### Records from a collection
○ ○ ○ ○ ○

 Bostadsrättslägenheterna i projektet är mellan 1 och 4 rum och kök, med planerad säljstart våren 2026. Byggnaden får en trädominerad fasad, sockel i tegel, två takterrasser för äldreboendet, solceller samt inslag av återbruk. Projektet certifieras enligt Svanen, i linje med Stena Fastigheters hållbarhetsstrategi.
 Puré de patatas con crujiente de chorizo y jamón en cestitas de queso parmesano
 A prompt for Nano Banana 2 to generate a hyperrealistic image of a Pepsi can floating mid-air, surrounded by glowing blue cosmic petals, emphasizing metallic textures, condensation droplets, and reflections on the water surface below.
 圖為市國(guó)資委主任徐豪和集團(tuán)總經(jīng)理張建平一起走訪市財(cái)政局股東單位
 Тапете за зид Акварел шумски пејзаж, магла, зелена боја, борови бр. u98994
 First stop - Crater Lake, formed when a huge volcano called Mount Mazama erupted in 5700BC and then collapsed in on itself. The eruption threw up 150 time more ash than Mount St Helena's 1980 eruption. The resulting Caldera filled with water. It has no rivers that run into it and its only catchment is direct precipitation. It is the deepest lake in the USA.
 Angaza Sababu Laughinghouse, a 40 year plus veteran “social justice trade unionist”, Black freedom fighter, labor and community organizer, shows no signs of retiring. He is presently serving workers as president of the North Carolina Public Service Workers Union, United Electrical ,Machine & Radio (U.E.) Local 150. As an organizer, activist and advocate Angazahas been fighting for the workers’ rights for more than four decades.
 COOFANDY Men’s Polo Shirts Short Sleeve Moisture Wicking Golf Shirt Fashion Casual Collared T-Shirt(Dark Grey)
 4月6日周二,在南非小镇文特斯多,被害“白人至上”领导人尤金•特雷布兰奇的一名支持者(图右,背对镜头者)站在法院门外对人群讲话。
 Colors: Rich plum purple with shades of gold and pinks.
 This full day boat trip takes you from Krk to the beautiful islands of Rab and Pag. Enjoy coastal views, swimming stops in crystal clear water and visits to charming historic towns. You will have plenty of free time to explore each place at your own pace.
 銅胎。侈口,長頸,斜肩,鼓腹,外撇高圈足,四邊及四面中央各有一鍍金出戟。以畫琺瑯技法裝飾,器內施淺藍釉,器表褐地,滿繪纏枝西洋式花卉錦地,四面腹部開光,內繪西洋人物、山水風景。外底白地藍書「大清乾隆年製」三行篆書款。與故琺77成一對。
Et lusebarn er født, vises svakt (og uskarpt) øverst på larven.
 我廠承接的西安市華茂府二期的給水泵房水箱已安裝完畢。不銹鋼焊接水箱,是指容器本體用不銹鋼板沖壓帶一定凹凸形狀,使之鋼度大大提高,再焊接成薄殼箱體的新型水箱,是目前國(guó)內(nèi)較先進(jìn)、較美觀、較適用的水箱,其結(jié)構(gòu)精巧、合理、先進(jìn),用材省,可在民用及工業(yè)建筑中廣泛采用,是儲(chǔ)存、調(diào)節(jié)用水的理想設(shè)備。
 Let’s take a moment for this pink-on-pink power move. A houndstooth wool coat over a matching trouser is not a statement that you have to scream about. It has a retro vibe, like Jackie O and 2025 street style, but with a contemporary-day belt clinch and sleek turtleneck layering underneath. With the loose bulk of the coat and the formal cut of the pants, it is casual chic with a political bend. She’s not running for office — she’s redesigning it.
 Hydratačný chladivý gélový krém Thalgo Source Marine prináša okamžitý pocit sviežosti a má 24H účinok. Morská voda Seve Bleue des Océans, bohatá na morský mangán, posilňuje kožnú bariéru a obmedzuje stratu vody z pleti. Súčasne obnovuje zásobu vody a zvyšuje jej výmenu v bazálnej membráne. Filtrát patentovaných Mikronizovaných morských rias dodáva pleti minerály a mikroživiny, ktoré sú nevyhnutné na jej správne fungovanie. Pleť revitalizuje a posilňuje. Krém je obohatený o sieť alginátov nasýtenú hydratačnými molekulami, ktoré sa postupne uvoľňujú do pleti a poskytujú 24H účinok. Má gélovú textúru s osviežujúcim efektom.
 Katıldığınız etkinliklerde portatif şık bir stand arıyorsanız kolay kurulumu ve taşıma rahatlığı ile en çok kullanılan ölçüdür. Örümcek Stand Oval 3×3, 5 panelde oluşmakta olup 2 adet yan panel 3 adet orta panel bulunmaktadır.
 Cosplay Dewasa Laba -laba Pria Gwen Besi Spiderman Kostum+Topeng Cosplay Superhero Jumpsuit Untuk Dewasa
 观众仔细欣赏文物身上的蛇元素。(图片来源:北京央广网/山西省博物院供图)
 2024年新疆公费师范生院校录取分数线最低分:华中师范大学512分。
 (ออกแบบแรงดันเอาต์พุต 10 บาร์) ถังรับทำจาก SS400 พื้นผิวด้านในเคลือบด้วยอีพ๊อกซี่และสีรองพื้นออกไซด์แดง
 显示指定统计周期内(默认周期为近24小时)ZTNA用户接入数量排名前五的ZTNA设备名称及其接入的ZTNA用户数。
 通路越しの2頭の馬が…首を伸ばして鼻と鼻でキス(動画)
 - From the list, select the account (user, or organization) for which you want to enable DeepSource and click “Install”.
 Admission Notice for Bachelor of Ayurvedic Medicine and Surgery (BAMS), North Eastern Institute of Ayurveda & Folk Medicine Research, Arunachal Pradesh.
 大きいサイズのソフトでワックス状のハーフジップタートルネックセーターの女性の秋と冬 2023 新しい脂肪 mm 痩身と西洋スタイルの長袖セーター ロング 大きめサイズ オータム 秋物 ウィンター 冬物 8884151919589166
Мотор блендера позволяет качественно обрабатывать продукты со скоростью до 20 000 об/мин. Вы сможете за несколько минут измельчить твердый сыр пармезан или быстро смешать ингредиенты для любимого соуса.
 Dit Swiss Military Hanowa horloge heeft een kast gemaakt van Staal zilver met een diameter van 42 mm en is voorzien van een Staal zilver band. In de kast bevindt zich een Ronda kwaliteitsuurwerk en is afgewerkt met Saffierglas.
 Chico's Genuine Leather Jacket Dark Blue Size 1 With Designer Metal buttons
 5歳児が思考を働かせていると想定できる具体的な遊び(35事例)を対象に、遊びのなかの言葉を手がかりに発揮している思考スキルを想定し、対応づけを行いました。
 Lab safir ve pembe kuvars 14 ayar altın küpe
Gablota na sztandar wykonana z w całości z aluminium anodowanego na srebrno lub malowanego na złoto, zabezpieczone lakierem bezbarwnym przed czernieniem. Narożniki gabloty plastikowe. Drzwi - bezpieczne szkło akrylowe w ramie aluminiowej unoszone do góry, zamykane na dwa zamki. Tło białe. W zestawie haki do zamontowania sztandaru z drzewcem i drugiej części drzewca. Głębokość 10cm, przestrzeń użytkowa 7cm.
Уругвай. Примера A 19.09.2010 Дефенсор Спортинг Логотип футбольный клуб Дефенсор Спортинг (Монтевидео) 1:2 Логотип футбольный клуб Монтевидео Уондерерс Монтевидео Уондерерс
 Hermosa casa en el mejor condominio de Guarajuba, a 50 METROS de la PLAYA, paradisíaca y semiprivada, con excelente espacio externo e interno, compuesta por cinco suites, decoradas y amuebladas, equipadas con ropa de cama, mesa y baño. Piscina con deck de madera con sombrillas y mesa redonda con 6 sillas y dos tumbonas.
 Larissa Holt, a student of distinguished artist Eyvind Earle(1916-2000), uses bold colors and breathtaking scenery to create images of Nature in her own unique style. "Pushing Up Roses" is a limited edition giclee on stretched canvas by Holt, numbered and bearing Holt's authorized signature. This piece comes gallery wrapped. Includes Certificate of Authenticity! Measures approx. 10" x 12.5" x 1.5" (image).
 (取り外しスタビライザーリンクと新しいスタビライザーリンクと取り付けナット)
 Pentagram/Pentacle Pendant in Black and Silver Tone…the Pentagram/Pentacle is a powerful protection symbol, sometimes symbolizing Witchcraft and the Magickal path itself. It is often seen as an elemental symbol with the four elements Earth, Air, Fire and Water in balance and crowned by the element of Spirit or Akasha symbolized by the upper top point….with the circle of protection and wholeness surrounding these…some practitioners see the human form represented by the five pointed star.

○ ○ ○ ○ ○

### WHAT YOU NEED TO DO
Starting with the line with "A prompt for" above and going on through the line with "圖為市國(guó)資委主任徐", transcribe every line exactly, both ends included, and add nothing.

### PROBLEM SOLUTION
 A prompt for Nano Banana 2 to generate a hyperrealistic image of a Pepsi can floating mid-air, surrounded by glowing blue cosmic petals, emphasizing metallic textures, condensation droplets, and reflections on the water surface below.
 圖為市國(guó)資委主任徐豪和集團(tuán)總經(jīng)理張建平一起走訪市財(cái)政局股東單位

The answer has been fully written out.